I believe now more than ever in the power of self-belief and the veracity of the idea of Destiny. By that, I believe even more now in myself, not just that I feel vindicated in a sense of arrival, but vindicated also that my intuitions had guided me truly, even when sorely tempted to doubt myself because of the social cost of acceptance or the challenge of the way. You have to choose a profound loneliness when you choose yourself in this way.
To choose Yourself takes none of the arrogance all your critics think they must be seeing, but rather profound vulnerability and preparedness to endure isolation, ridicule, blame and disconnection with a stoic resolve, in the service of your own integrity.

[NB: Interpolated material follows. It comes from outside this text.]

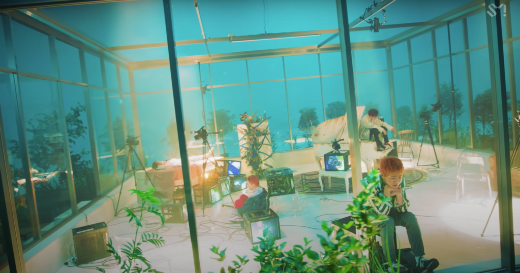 Among all the Kpop videos that reproduce Nam June Paik, the male group NCT’s work ‘NCTmentary’ (2018) is quite close to Paik’s work and develops its own worldview. In Figure 6 & 7, for example, they create an installation based on Nam June Paik’s work ‘Untitled (Piano)’(1993) and give it a new concept and meaning.

A big part of the dream I dreamed, the night I met my wife-to-be, was that all the dysfunction and suffering I had endured, and contributed to in my own pain and ignorance, would not be for nothing. I was determined to own the deep simple lessons of my failed marriage, the loss of my family, my children, my home and most unjustly of all, my reputation. I was determined to love myself, and I was determined to show up as a leader in my own life, in my marriage and in my calling. I reasoned that I could not control the outcome of trying to persuade other people of my worth and value. By this, I reasoned that the transformation I was aiming to realise would be the only noble way I could give myself permission to forgive myself and still love and respect the person I became and the person I had been, perhaps more, in the process.

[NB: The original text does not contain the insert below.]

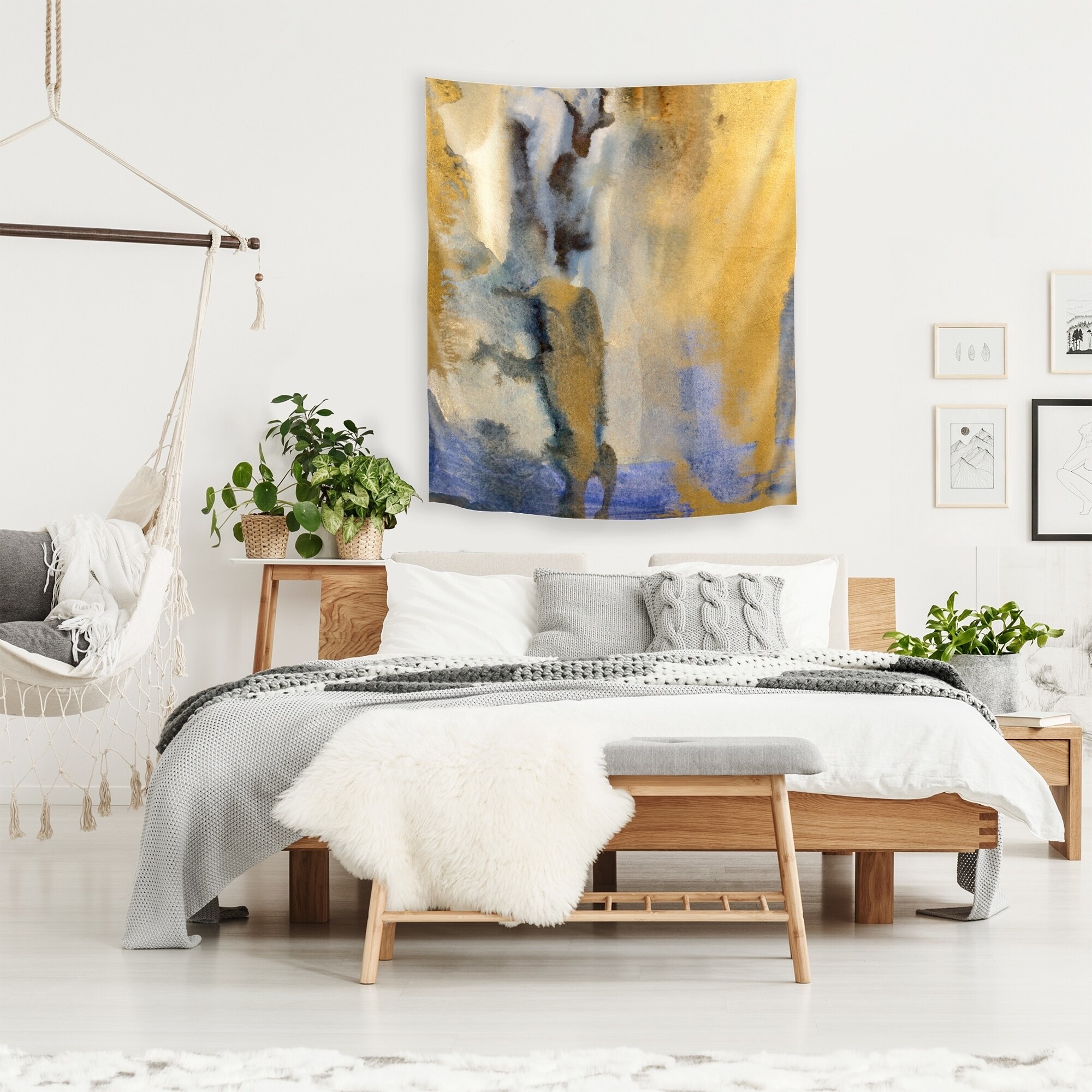 Designart 'Blue And Gold Floral Bunch I' Floral Wall Tapestry

There was a whole year of life between when we met, and when we got married, during which I had time and opportunity to demonstrate the proof-of-concept to my wife and help her co-draft the conditions of our life together. This was part honeymoon, part rude awakening. Over that time, I was going through a very destructive, punitive divorce, which crippled my mental health and depleted my libido and took away every financial investment and nest egg I had built over the last 20 years. Over that same time, my wife-to-be was dealing with a 20-year dependency on depression medication, and for the first time in her life, coming to grips with the implications of generational and ancestral trauma. So by the time it came to wedding vows, this was how I was so certain in the moment because life had given me enough opportunities to demonstrate my own leadership and conviction and I knew thereby that I could trust my heart. I knew, as did someone beautiful and good, that I could lead and be led. When we made that call, we were both as ‘eyes wide open’ as we could have been.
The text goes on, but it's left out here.